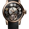 The ASTRONERF TECHNO is powered by the manual movement LM 105, with ceramic ball bearings and two barrel springs, providing a 48-hour power reserve. It took three years to develop this intricate mechanism. The crown has been redesigned for efficiency, with a selector integrated into the case back for time-setting and winding without pulling.
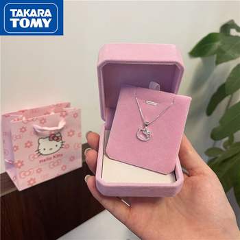 TAKARA TOMY Hello Kitty Sterling Silver Girl Sweet Girlfriend Collarbone Necklace Woman Elegant Diamond Pendant Ring Jewelry
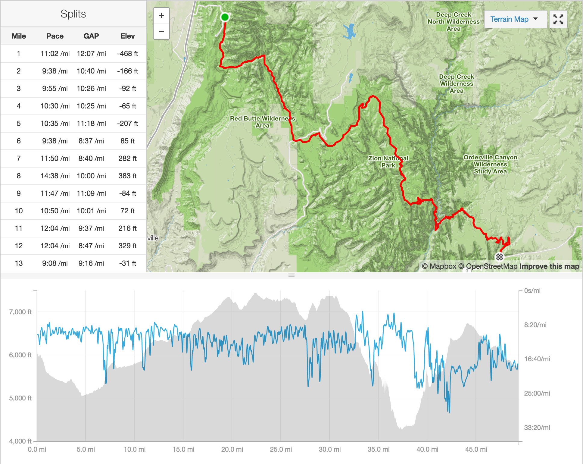 I would end the run in Zion Canyon if I ever do it again. The last 11 miles pale in comparison to the first 38 and especially the last 6-7 aren’t really that scenic.
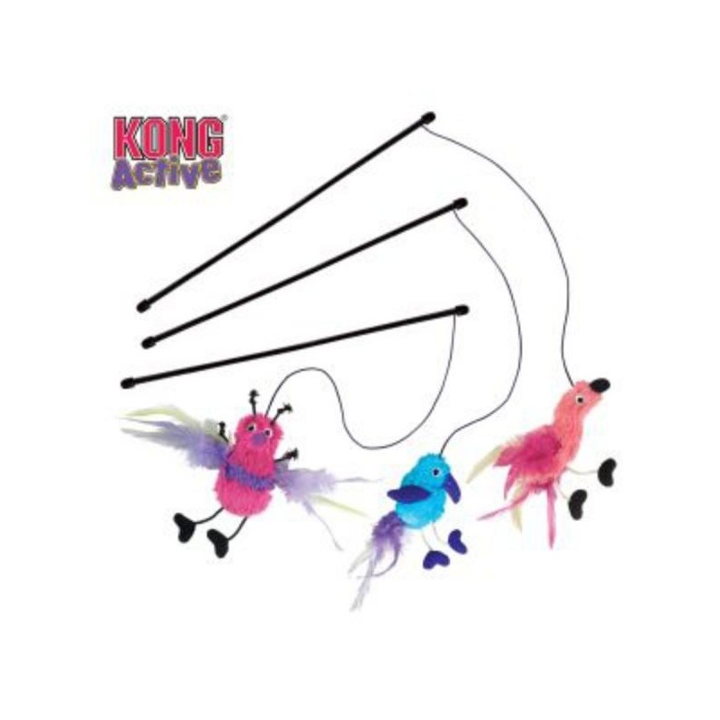 The KONG Feather Teaser is designed for interactive play, and each toy contains KONG Premium North American Catnip for added stimulation. Bright feathers and a crinkle sound tempt cats to capture this toy.
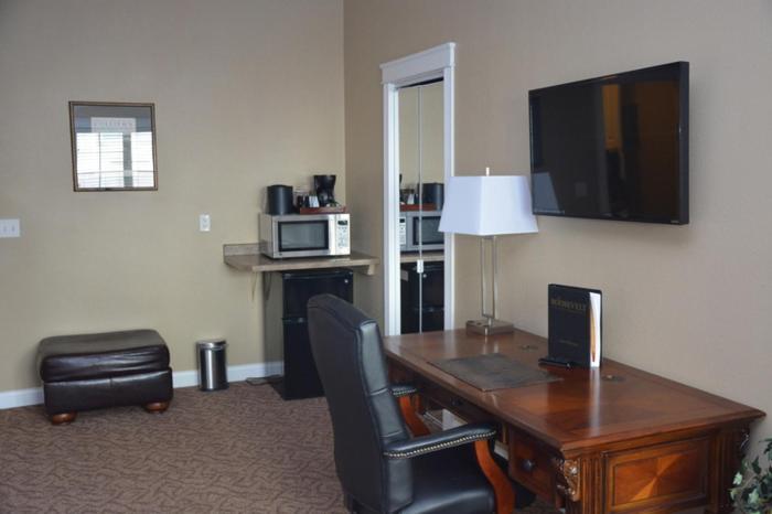 The hotel provides a conference room and a business center. Wireless internet access is provided in public areas. A fireplace creates a cozy atmosphere. Guests arriving by car can park their vehicles in the parking lot.

···

• **What you have to do**
Reproduce the records exactly, starting with their first line and ending with the line that contains "I would end", though pictures should be dropped.

• **Exercise response**
 The ASTRONERF TECHNO is powered by the manual movement LM 105, with ceramic ball bearings and two barrel springs, providing a 48-hour power reserve. It took three years to develop this intricate mechanism. The crown has been redesigned for efficiency, with a selector integrated into the case back for time-setting and winding without pulling.
 TAKARA TOMY Hello Kitty Sterling Silver Girl Sweet Girlfriend Collarbone Necklace Woman Elegant Diamond Pendant Ring Jewelry
 I would end the run in Zion Canyon if I ever do it again. The last 11 miles pale in comparison to the first 38 and especially the last 6-7 aren’t really that scenic.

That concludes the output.